Prospects from systems serology research

Abstract

Antibodies are highly functional glycoproteins capable of providing immune protection through multiple mechanisms, including direct pathogen neutralization and the engagement of their Fc portions with surrounding effector immune cells that induce anti-pathogenic responses. Small modifications to multiple antibody biophysical features induced by vaccines can significantly alter functional immune outcomes, though it is difficult to predict which combinations confer protective immunity. In order to give insight into the highly complex and dynamic processes that drive an effective humoral immune response, here we discuss recent applications of 'Systems Serology', a new approach that uses data-driven (also called 'machine learning') computational analysis and high-throughput experimental data to infer networks of important antibody features associated with protective humoral immunity and/or Fc functional activity. This approach offers the ability to understand humoral immunity beyond single correlates of protection, assessing the relative importance of multiple biophysical modifications to antibody features with multivariate computational approaches. Systems Serology has the exciting potential to help identify novel correlates of protection from infection and may generate a more comprehensive understanding of the mechanisms behind protection, including key relationships between specific Fc functions and antibody biophysical features (e.g. antigen recognition, isotype, subclass and/or glycosylation events). Reviewed here are some of the experimental and computational technologies available for Systems Serology research and evidence that the application has broad relevance to multiple different infectious diseases including viruses, bacteria, fungi and parasites.

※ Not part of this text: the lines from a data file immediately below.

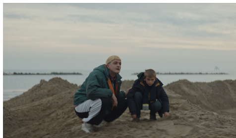
MY KILLER BUDDY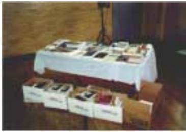
Books donated to children center library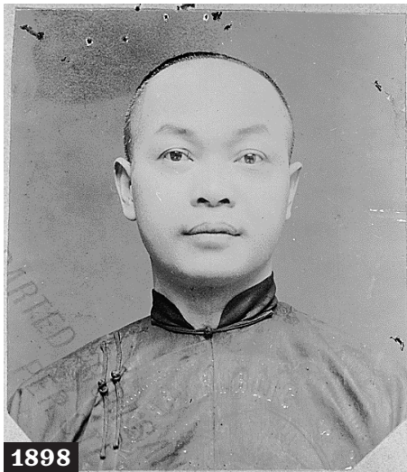
1898 Wong Kim Ark, who went all the way to the Supreme Court to fight a challenge to his citizenship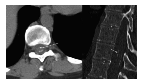
Figure 1 CT scan of thoracic spine: axial soft tissue window image (left) and sagittal reformatted image (right) demonstrating tram-like intrathecal calcifications (arrows) delineating the spinal cord compatible with arachnoiditis ossificans. Stars represent incidental finding of Schmorl's nodes.

Our top differential diagnosis was cauda equina syndrome. Other possible differentials that could mimic symptoms of our patient were spinal cord tumours, syringomyelia, complex regional pain syndrome and multiple sclerosis which were ruled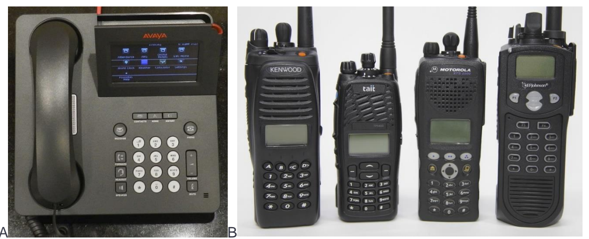
Figure 2. Audible warning for selected personnel can be delivered by (A) IP telephones or (B) two-way radios.

An audible warning is announced either through a radio system to select people carrying a two-way radio, or through the telephone system to select extensions. The warning instructs people to take immediate self-protective action against imminent ground shaking such as drop, cover, and hold on.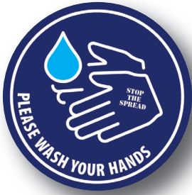
FLOOR DECAL Item #: DGI1212WHC SIZE: 12 X 12 PRICE: $6.95/ea

Working together to promote healthy physical distancing, we can stop the spread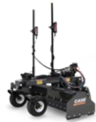
Laser Grading Box

Keywords: Fab; Fc; Fc receptors; antibody; vaccine.

Figure 1

Dynamic complexity of the humoral immune response. (a) The functional capacity of the humoral immune response is determined by complex biophysical antibody features including (i) the pathogen being targeted and the ability of the antibody's Fab to recognize different antigens, (ii) an antibody's Fc region's diversity, which in turn can modulate the antibodies capacity to engage with (iii) Fc receptor/immune molecules and (iv) availability of the Fc receptors on different effector cells/immune molecules in the surrounding environment. (b). The combination of the pathogen targeted (e.g. infected cell versus small infectious particles) and binding by an antibody's Fab determines opsonization, neutralization and immune complex formation. The composition of the Fc‐regions of these antibodies can in turn modulate the functional immune response by surrounding effector cells/immune molecules potentially inducing a range of functions including but not limited to ADCC, antibody‐mediated secretion of cytokines, antibody‐mediated enzyme release/NET (neutrophil extracellular trap) formation, antibody‐dependent phagocytosis, antibody‐mediated complement activity, mucus trapping etc., dependent on the cellular Fc receptor expression or immune components available.

Figure 2

Systems serology data‐driven modeling approaches. Systems Serology involves running high‐throughput experimental assays that measure antibody biophysical and functional data (X) in parallel with functional or clinical outcomes (Y). Upon collation, the data sets can be interrogated by unsupervised and supervised machine learning computational techniques, including principal component analysis (PCA), correlation networks, partial least square discriminant analysis and regression (PLSDA and PLSR), and decision trees. The correlation network figure was kindly contributed by Manu Kumar and Doug Lauffenburger (MIT).